The finished copy should hold every entry exactly as given, and no pictures.
#### RAW DATA
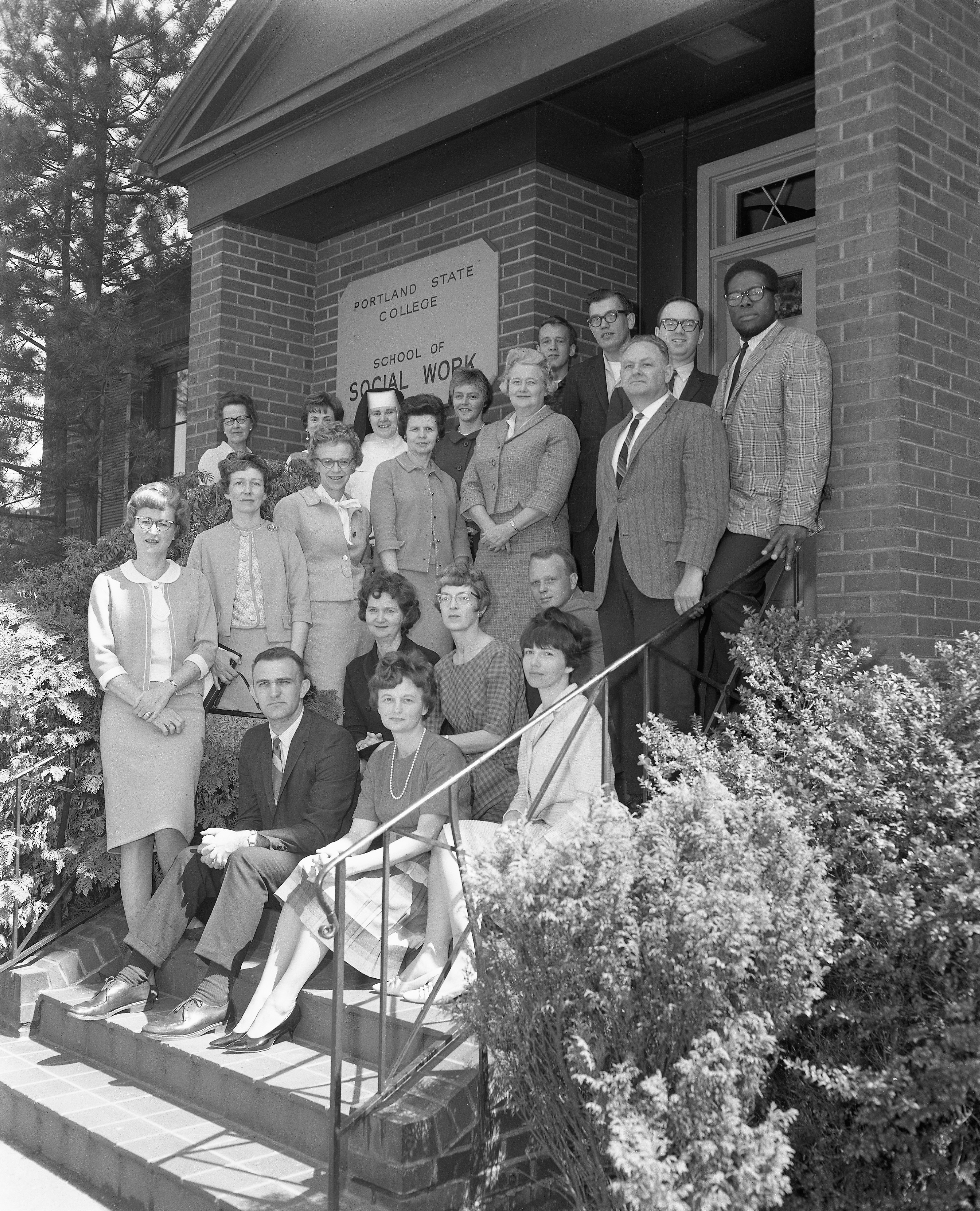 In the fall of 1962, under the leadership of President Branford Millar (1959-1968), social work became the first master’s-level graduate degree offered at the college. A graduate program in education was authorized in 1958 but remained unfunded until its first class in September 1963. An additional eight master’s degrees in liberal arts and sciences were available in 1965 to the college’s 8,700 students. Portland State students made national headlines in 1965 after its College Bowl quiz show team went undefeated and broke scoring records against more prominent institutions.
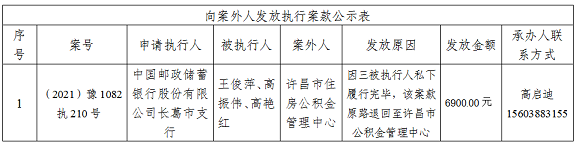 河南省长葛市人民法院关于向案外人发放执行案款的公示 (2021)豫1082执210号
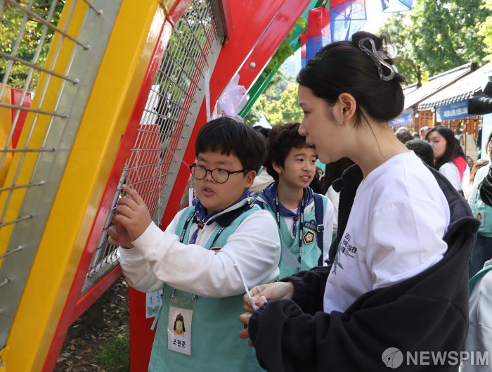 [서울=뉴스핌] 양윤모 기자 = 17일 서울 관악구 낙성대공원에서 열린 '2025 관악강감찬축제'의 첫날, 축제의 마스코트 ‘리틀 강감찬’으로 선발된 아이가 소원 터널에서 자신의 소원 종이를 걸 위치를 찾고 있다. 관악강감찬축제 1일차는 강감찬장군 추모제향으로 시작해 오후에는 인헌 휘호대회, 인헌 예술제(시 낭송회)가 개최됐다. 저녁 7시 대광장에서는 인디밴드 경연대회 ‘비더스타’ 우승자 Top 3팀과 초청밴드 ‘극동 아시아 타이거즈’의 화려한 무대가 펼쳐진다. [사진=관악구청] 2025.10.17 yym58@newspim.com
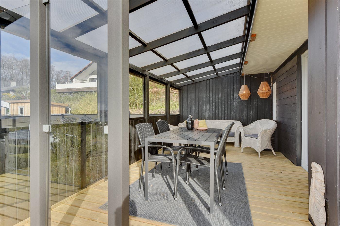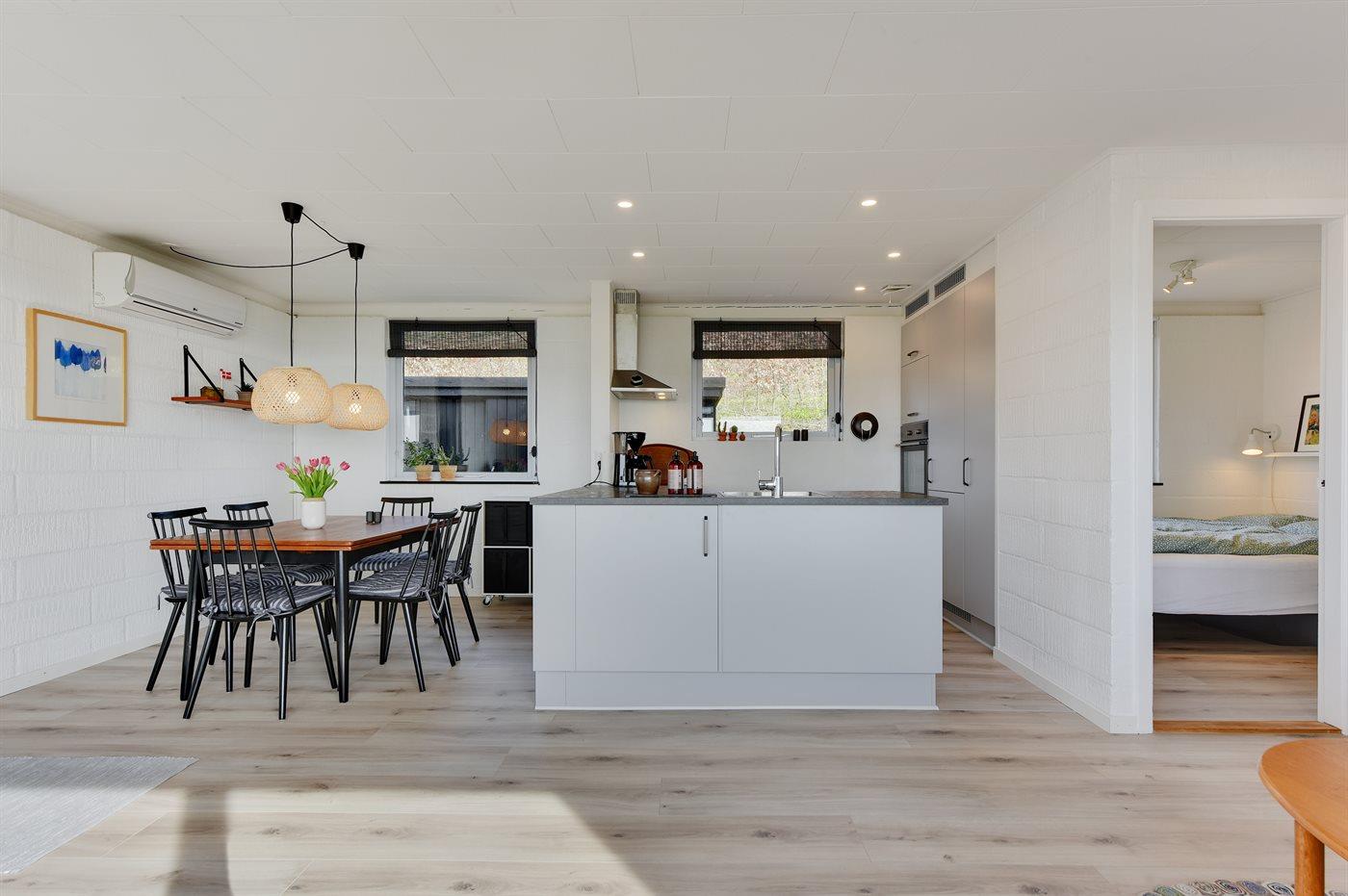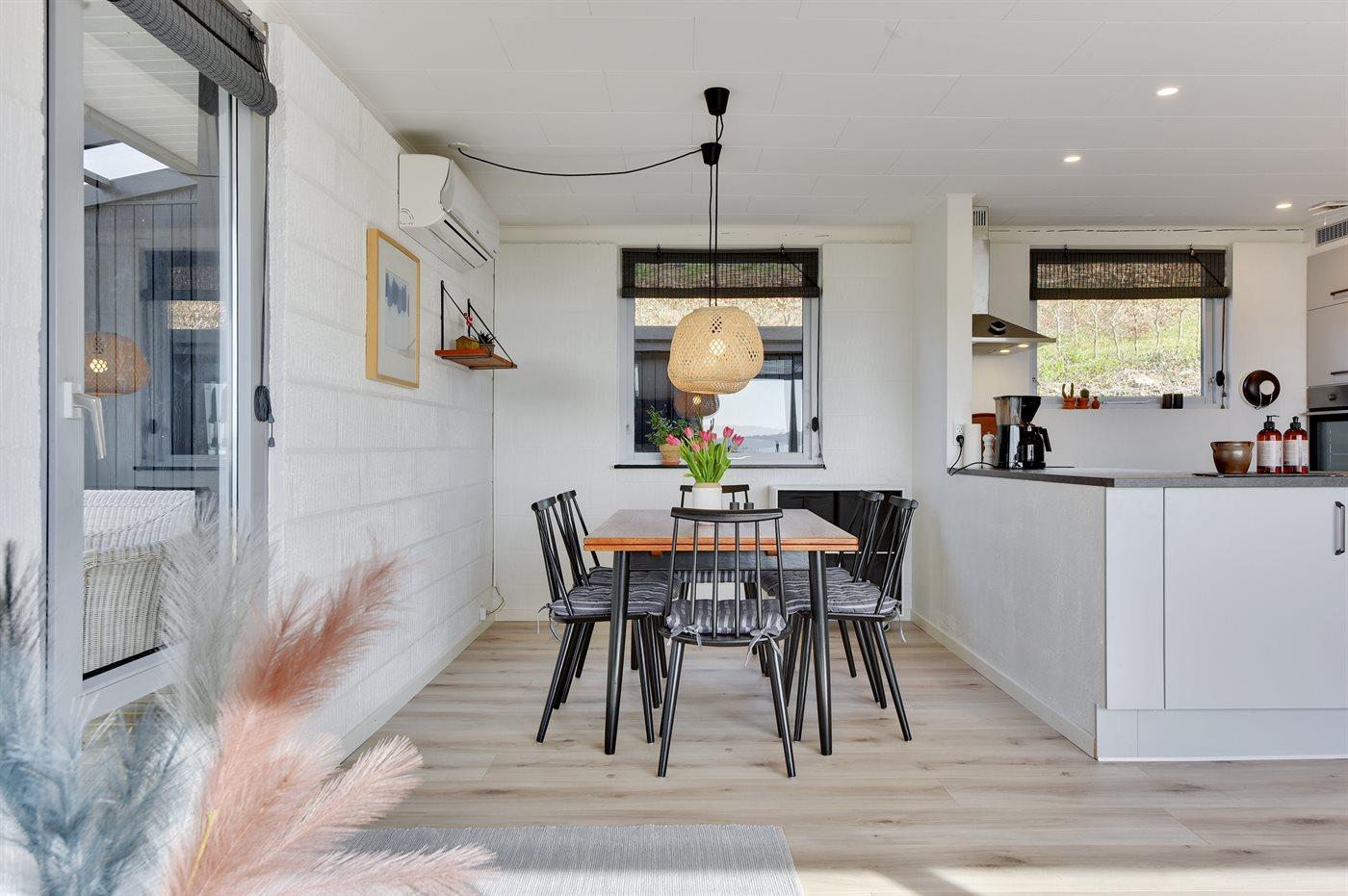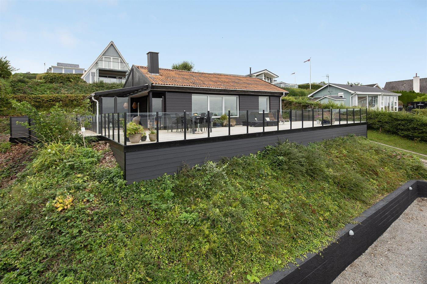 De vakantiewoning is gelegen op een 600 m² groot natuural grond. Afstand tot de fjord 330 m. Dichtstbijzijnde winkel 6000 m. Daarnaast is er een 15 m² groot overdekt terras. Waarvan in totaal 125 m² beschut terras. Afstand tot speelplaats 300 m. Barbecue. Parkeerplaats bij het huis.
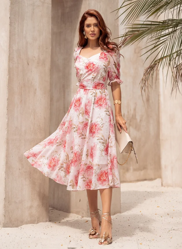 Vestido Vitoria na cor rosa confeccionado em Toque de seda e chiffon de seda dois tecidos leves e fluidos perfeitos para a proposta do look, com decote em v transpassado valorizando o colo feminino. Com dois elásticos nas laterais dos ombros trazendo sustentação para o modelo que é todo forrado no corpo em toque de seda possibilitando mais conforto ao uso, corpo da peça costurado em recortes se encaixa perfeitamente com abertura em zíper comum na lateral, sua cintura marcada acompanha faixa larga para amarrações. De comprimento midi com uma saia evasê cheia de leveza e movimento também é toda forrada com toque de seda e estampada em tecido de chiffon, sua manga mais alongada também em chiffon um tecido com uma velada transparência trazendo um charme extra ao modelo, com franzido na altura dos ombros e acabamento em elástico com pequeno babado. Uma peça extremamente confortável e romântica, com leveza e fluidez para os dias mais quentes. Atemporal pode ser usada em diversas ocasiões sejam elas mais casuais ou mais formais, para eventos diurnos ou noturnos basta usar a criatividade para compor sapatos e acessórios deixando com sua personalidade. Para maior durabilidade da peça, evite o uso de alvejantes.
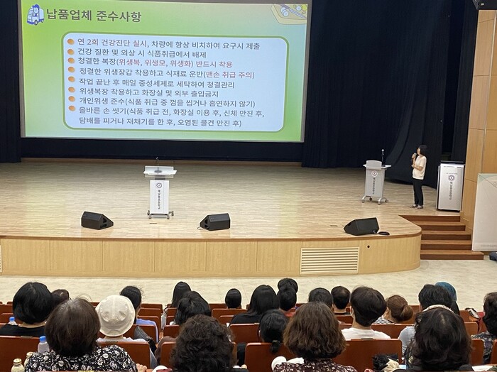 이번 연수는 식재료 검수에서부터 배식까지 학교급식 전반의 위생·안전관리 방안과 친절‧청렴 교육으로 구성돼, 학교 현장에서 실제로 발생할 수 있는 문제들을 중심으로 진행됐다. 교육은 학교급식의 질적 향상을 위해 실질적인 방안을 제시하며, 현장에서 자주 간과될 수 있는 부분들을 재점검하는 계기를 마련했다.
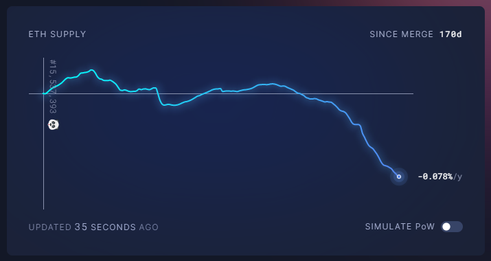그리고 이더리움의 토크노믹스가 매우 좋아지고 있습니다. 이더리움이 디플레이션으로 가고 있습니다. 시간이 지나면서 이더리움의 유통량이 줄어들고 있다는 걸 의미하는 건데 메이저 코인들 중에서 이렇게 좋은 토크노믹스를 가지고 있는 코인은 없습니다. 비트코인도 수량이 늘어나고 있으며 반감기를 지나면서 늘어나는 량이 줄어들 뿐인데, 이더리움은 아예 자체량이 줄어들고 있는 것입니다.
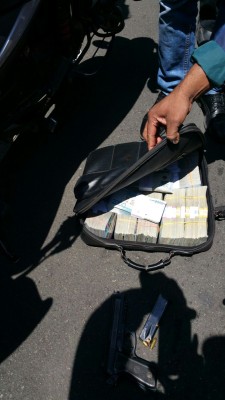 SANTO DOMINGO. Fuentes policiales indican que el asaltante que fue herido de un disparo en la cabeza cuando escapaba junto a otros dos individuos abordo de una motocicleta luego de asaltar un edificio de ARS Constitución cargaba con todo el dinero, unos dos millones de pesos, según se ha informado.
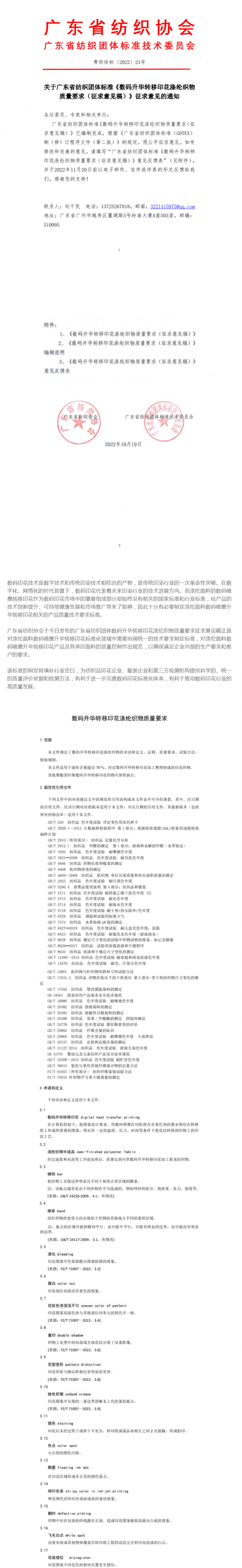 廣東省紡織協(xié)會(huì)今日發(fā)布廣東省紡織團(tuán)體數(shù)碼升華轉(zhuǎn)移印花滌綸織物質(zhì)量要求征求意見稿!
########
# RESULT OF THE EXERCISE
 In the fall of 1962, under the leadership of President Branford Millar (1959-1968), social work became the first master’s-level graduate degree offered at the college. A graduate program in education was authorized in 1958 but remained unfunded until its first class in September 1963. An additional eight master’s degrees in liberal arts and sciences were available in 1965 to the college’s 8,700 students. Portland State students made national headlines in 1965 after its College Bowl quiz show team went undefeated and broke scoring records against more prominent institutions.
 河南省长葛市人民法院关于向案外人发放执行案款的公示 (2021)豫1082执210号
 [서울=뉴스핌] 양윤모 기자 = 17일 서울 관악구 낙성대공원에서 열린 '2025 관악강감찬축제'의 첫날, 축제의 마스코트 ‘리틀 강감찬’으로 선발된 아이가 소원 터널에서 자신의 소원 종이를 걸 위치를 찾고 있다. 관악강감찬축제 1일차는 강감찬장군 추모제향으로 시작해 오후에는 인헌 휘호대회, 인헌 예술제(시 낭송회)가 개최됐다. 저녁 7시 대광장에서는 인디밴드 경연대회 ‘비더스타’ 우승자 Top 3팀과 초청밴드 ‘극동 아시아 타이거즈’의 화려한 무대가 펼쳐진다. [사진=관악구청] 2025.10.17 yym58@newspim.com
 De vakantiewoning is gelegen op een 600 m² groot natuural grond. Afstand tot de fjord 330 m. Dichtstbijzijnde winkel 6000 m. Daarnaast is er een 15 m² groot overdekt terras. Waarvan in totaal 125 m² beschut terras. Afstand tot speelplaats 300 m. Barbecue. Parkeerplaats bij het huis.
 Vestido Vitoria na cor rosa confeccionado em Toque de seda e chiffon de seda dois tecidos leves e fluidos perfeitos para a proposta do look, com decote em v transpassado valorizando o colo feminino. Com dois elásticos nas laterais dos ombros trazendo sustentação para o modelo que é todo forrado no corpo em toque de seda possibilitando mais conforto ao uso, corpo da peça costurado em recortes se encaixa perfeitamente com abertura em zíper comum na lateral, sua cintura marcada acompanha faixa larga para amarrações. De comprimento midi com uma saia evasê cheia de leveza e movimento também é toda forrada com toque de seda e estampada em tecido de chiffon, sua manga mais alongada também em chiffon um tecido com uma velada transparência trazendo um charme extra ao modelo, com franzido na altura dos ombros e acabamento em elástico com pequeno babado. Uma peça extremamente confortável e romântica, com leveza e fluidez para os dias mais quentes. Atemporal pode ser usada em diversas ocasiões sejam elas mais casuais ou mais formais, para eventos diurnos ou noturnos basta usar a criatividade para compor sapatos e acessórios deixando com sua personalidade. Para maior durabilidade da peça, evite o uso de alvejantes.
 이번 연수는 식재료 검수에서부터 배식까지 학교급식 전반의 위생·안전관리 방안과 친절‧청렴 교육으로 구성돼, 학교 현장에서 실제로 발생할 수 있는 문제들을 중심으로 진행됐다. 교육은 학교급식의 질적 향상을 위해 실질적인 방안을 제시하며, 현장에서 자주 간과될 수 있는 부분들을 재점검하는 계기를 마련했다.
그리고 이더리움의 토크노믹스가 매우 좋아지고 있습니다. 이더리움이 디플레이션으로 가고 있습니다. 시간이 지나면서 이더리움의 유통량이 줄어들고 있다는 걸 의미하는 건데 메이저 코인들 중에서 이렇게 좋은 토크노믹스를 가지고 있는 코인은 없습니다. 비트코인도 수량이 늘어나고 있으며 반감기를 지나면서 늘어나는 량이 줄어들 뿐인데, 이더리움은 아예 자체량이 줄어들고 있는 것입니다.
 SANTO DOMINGO. Fuentes policiales indican que el asaltante que fue herido de un disparo en la cabeza cuando escapaba junto a otros dos individuos abordo de una motocicleta luego de asaltar un edificio de ARS Constitución cargaba con todo el dinero, unos dos millones de pesos, según se ha informado.
 廣東省紡織協(xié)會(huì)今日發(fā)布廣東省紡織團(tuán)體數(shù)碼升華轉(zhuǎn)移印花滌綸織物質(zhì)量要求征求意見稿!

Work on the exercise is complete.